◆ Task requirements ◆
Please repeat exactly the lines from the one containing "ZARA firmos nauja" to the end of the entries below, both included, and omit all pictures.

[[ Task material open ]]

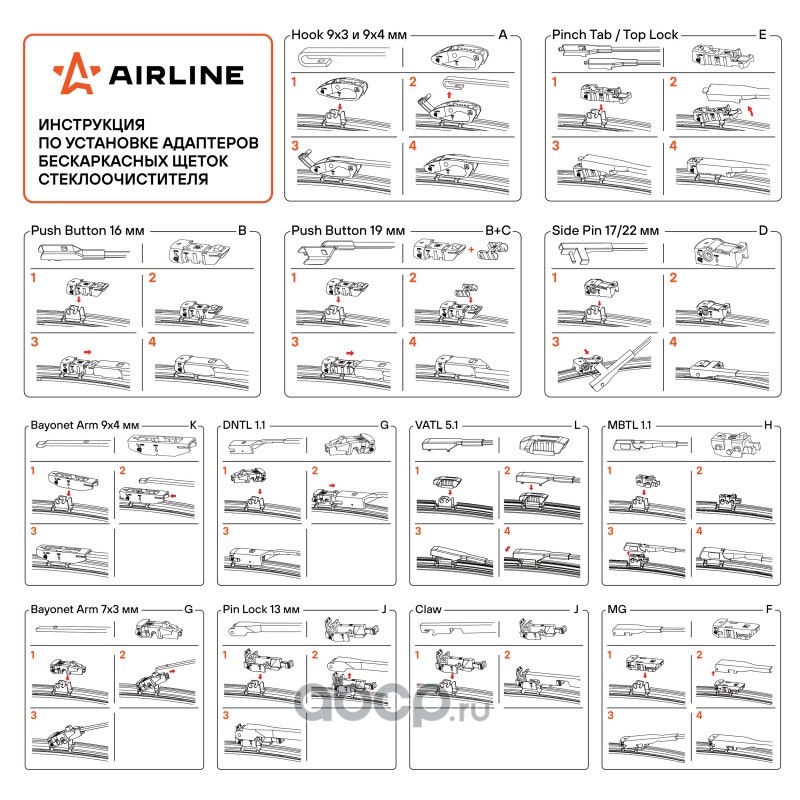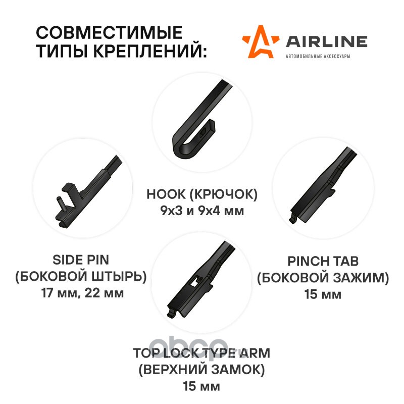 Щетки стеклоочистителя 550/450мм (22""/18"") бескаркасные для а/м Opel Astra H (04-14), Fiat Albea (02-12), Mitsubishi Pajero Sport (08-18), Changan CS35 Plus (18-20), Chery Tiggo 7 Pro (20-), комплект, 4 типа адаптеров
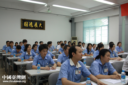 來(lái)自臺(tái)灣的知名講師鄭琳鋒對(duì)飛鴻五金飾品有限公司中層管理干部進(jìn)行培訓(xùn)。(中國(guó)臺(tái)灣網(wǎng) 胡珊珊 攝)
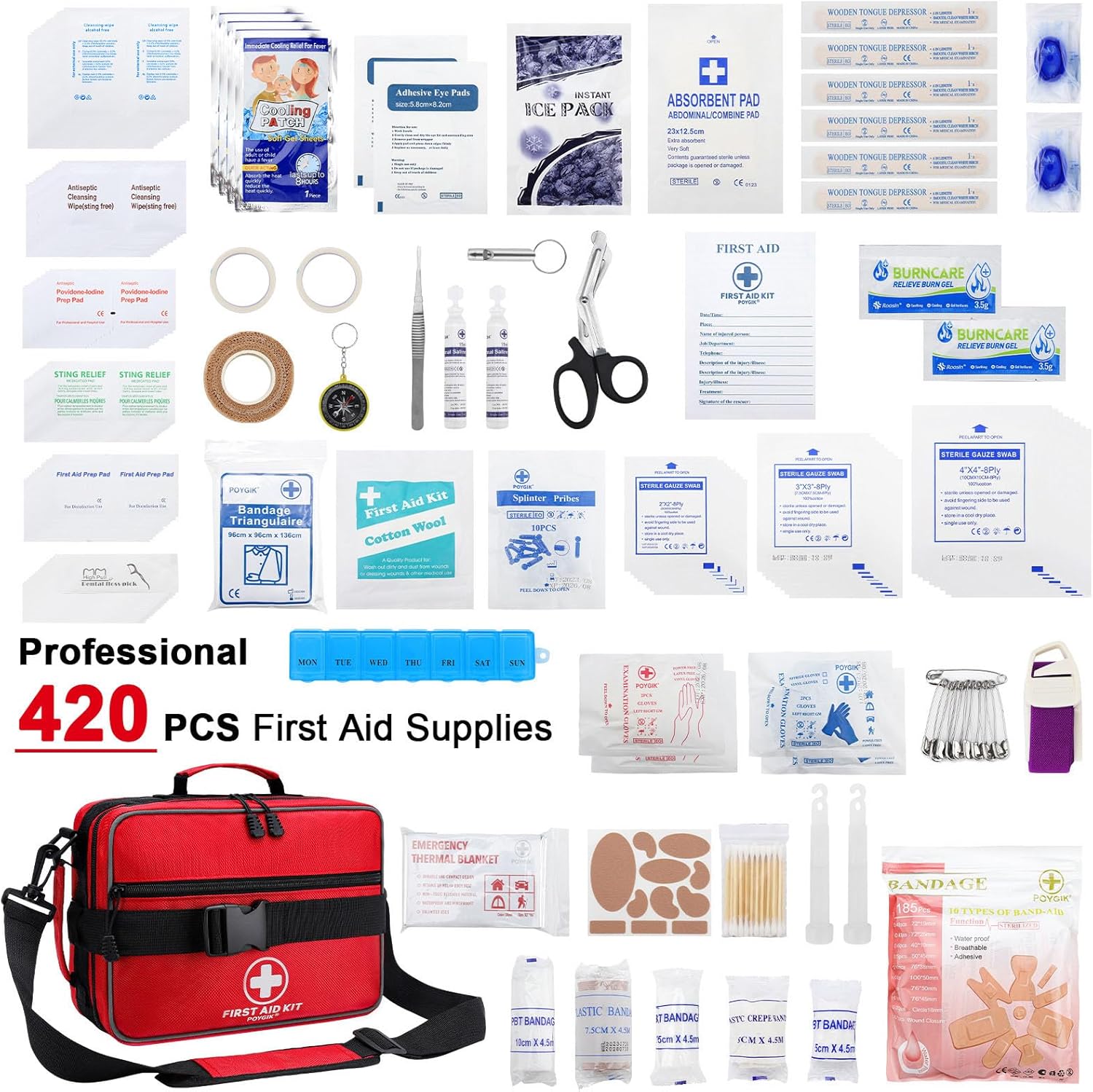 This kit includes all kinds of bandages, emergency blanket, Metal Scissors, 7 Days Pill Box and total 420 pieces of accessories, which can be used for the care for small injuries, cuts, scrapes and burns.
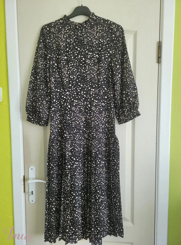 ZARA firmos nauja suknelė. Man deja mažoka. Audinį su faktūra puošia kremo spalvos #taškeliai. Rankovės 3/4 ilgio. #Apykaklė #paaukštinta, padailinta karbatkėle. Apačia plisuota. Modelis užsisega nugaroje saga apsiūta audiniu. Nugaroje į juosmenį įverta guma. Per krūtinę - 46 cm. Per juosmenį - 36 cm. MATUOTA RAMYBĖS BUSENOJE. Ilgis - 115 cm. Dydis - M. Kaina tik 16 €.
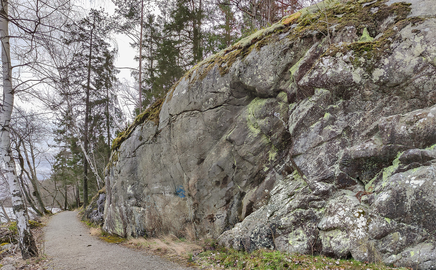 Överhängande vägg längs med gångvägen. Bra kvalité, bra höjd och bra landning.. Kan ge ett par boulders.

[[ Task material closed ]]

◆ Task result ◆
 ZARA firmos nauja suknelė. Man deja mažoka. Audinį su faktūra puošia kremo spalvos #taškeliai. Rankovės 3/4 ilgio. #Apykaklė #paaukštinta, padailinta karbatkėle. Apačia plisuota. Modelis užsisega nugaroje saga apsiūta audiniu. Nugaroje į juosmenį įverta guma. Per krūtinę - 46 cm. Per juosmenį - 36 cm. MATUOTA RAMYBĖS BUSENOJE. Ilgis - 115 cm. Dydis - M. Kaina tik 16 €.
 Överhängande vägg längs med gångvägen. Bra kvalité, bra höjd och bra landning.. Kan ge ett par boulders.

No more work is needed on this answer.